そんなわけで時間の制約もあるのでダッシュで移動開始。幸いR294は田舎道で信号で止められることはない。それいけびゅわーん。
そんな訳で乃木神社に到着。時刻はちょうど午前0時になるところだった。こんな形で令和三年を迎えることになるとは全く予想していなかったが、まあそんな年もあるさ……と理解することにしよう。
おお、人出はいつもの1/4~1/5くらいしか無いけれども、ちゃんと出店も出ているし参拝客もいる。ここでこのくらいの人口だとすると他の初詣スポットの不景気ぶりが目に浮かぶようだが、新年を祝う心意気をもった人々がちゃんと居るというのは喜ばしい。

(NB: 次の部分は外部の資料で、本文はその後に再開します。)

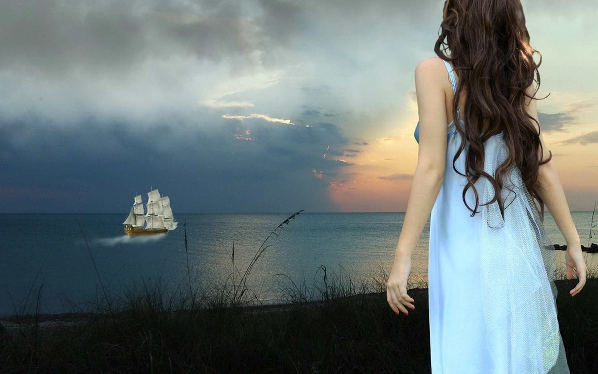 Похожие обои на Одинокая девушка у моря:
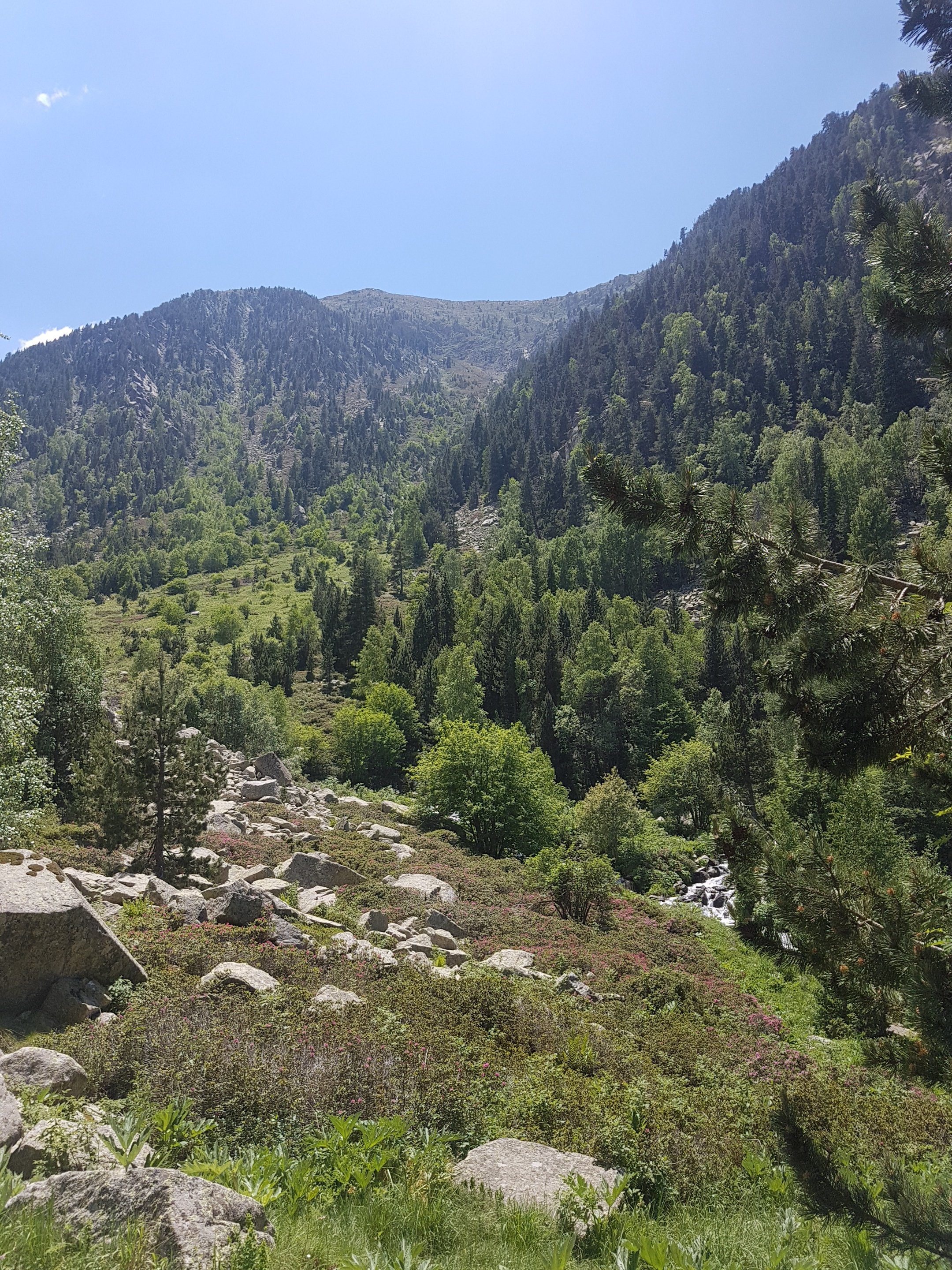 The peacefulness of it all was great but by this point I had been walking for around 2 and a half hours I decided to keep hydrated by filling my empty gazpacho bottle with the fresh mountain water from the river. I wasn’t sure how much longer it was to the top, luckily Google maps was working up here! It said about 2 km longer but now it was getting steeper. I made my way (slowly) up, following the river before emerging into a beautiful mountain meadow.

さて境内はというと……いわゆるソーシャルディスタンスとやらで間隔をあけて順次参拝という興を削ぐ状態となっていた。といっても全国的にこういう手法をとらないと非難轟々という雰囲気なので神社側としては真面目に対応せざるを得ない。ちなみに写真には写っていないが鳥居の前には消毒用のアルコールスプレーが置かれ、手水舎は使用禁止となっている。
何十年か後にこの世相を振り返ったとき、いったいどのような評価が為されるのだろう。1918年に始まったスペイン風邪は終息までに約3年を要し、日本国内では約38万人が死亡した。それにくらべれば現在の状況はかなりコントロールされた状況下にあり、2020年1月以降確認された国内の死亡者数は3459人である。……やれやれ。
※ちなみにこの3459人というのは例年のインフルエンザの死亡者数とほぼ同水準で、これでGDPが3割も消し飛ぶような自粛が必要なのかというツッコミもまあ当然のように出てきている。筆者は感染症の専門家ではないのでその妥当性についてはよく分からないが、「もう少しマシなやり方はなかったの?」 という素朴な感想は持っている。
おや。見れば乃木将軍ご本人もフェイスガードをご装着とな。
…狛犬。お前もかw
さてそんなこんなで筆者にもようやく順番が回ってきた。世間はろくでもない状況で制限ばかりが多い新年だけれども、まあ気を取り直して頑張っていこう。
そんなわけで筆者自身の武運長久と給与ボーナスの安泰(というか勤務先の事業存続そのものが怪しいのだがw)、さらに日本国の平和とその敵の滅亡を祈って二礼二拍手一礼。